WHAT THE EXERCISE ASKS: Each record below should be output verbatim, without pictures.

(Beginning of RECORDS SHOWN)

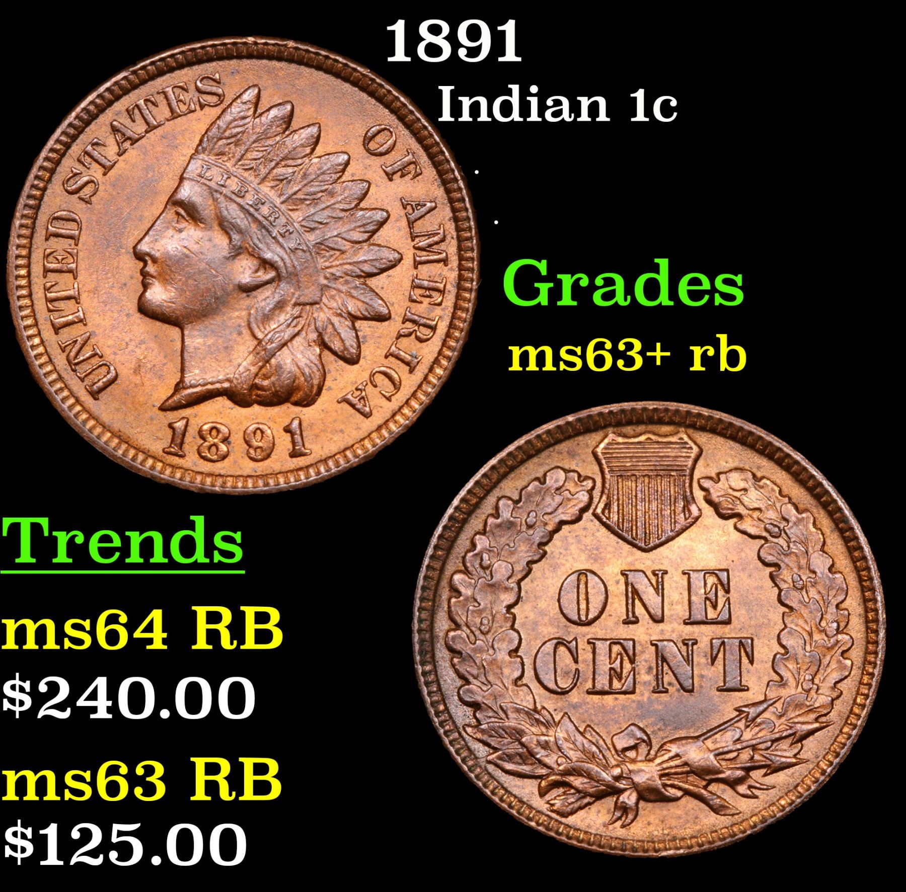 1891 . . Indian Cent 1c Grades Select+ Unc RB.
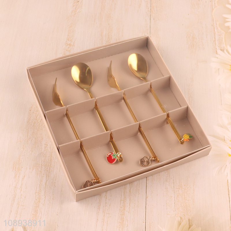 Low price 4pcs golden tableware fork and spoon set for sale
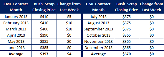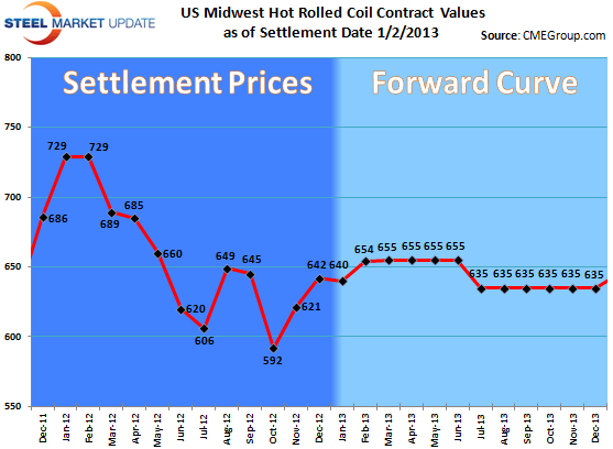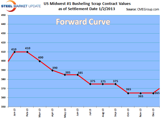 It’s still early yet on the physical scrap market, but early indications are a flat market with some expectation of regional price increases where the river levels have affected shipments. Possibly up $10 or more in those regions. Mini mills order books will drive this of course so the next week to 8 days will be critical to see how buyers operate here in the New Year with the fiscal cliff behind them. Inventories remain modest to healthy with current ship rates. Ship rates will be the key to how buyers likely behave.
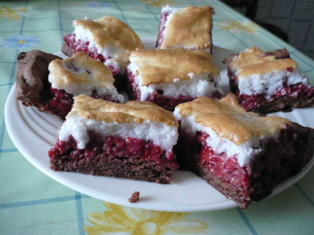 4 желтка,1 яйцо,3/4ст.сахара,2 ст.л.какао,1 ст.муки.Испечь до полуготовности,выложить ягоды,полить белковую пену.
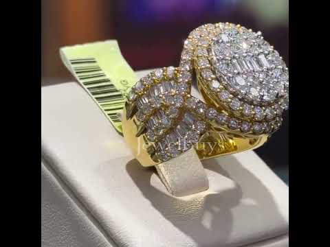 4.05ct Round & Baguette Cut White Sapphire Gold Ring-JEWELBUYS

(End of RECORDS SHOWN)

EXERCISE ANSWER:
 1891 . . Indian Cent 1c Grades Select+ Unc RB.
 Low price 4pcs golden tableware fork and spoon set for sale
 It’s still early yet on the physical scrap market, but early indications are a flat market with some expectation of regional price increases where the river levels have affected shipments. Possibly up $10 or more in those regions. Mini mills order books will drive this of course so the next week to 8 days will be critical to see how buyers operate here in the New Year with the fiscal cliff behind them. Inventories remain modest to healthy with current ship rates. Ship rates will be the key to how buyers likely behave.
 4 желтка,1 яйцо,3/4ст.сахара,2 ст.л.какао,1 ст.муки.Испечь до полуготовности,выложить ягоды,полить белковую пену.
 4.05ct Round & Baguette Cut White Sapphire Gold Ring-JEWELBUYS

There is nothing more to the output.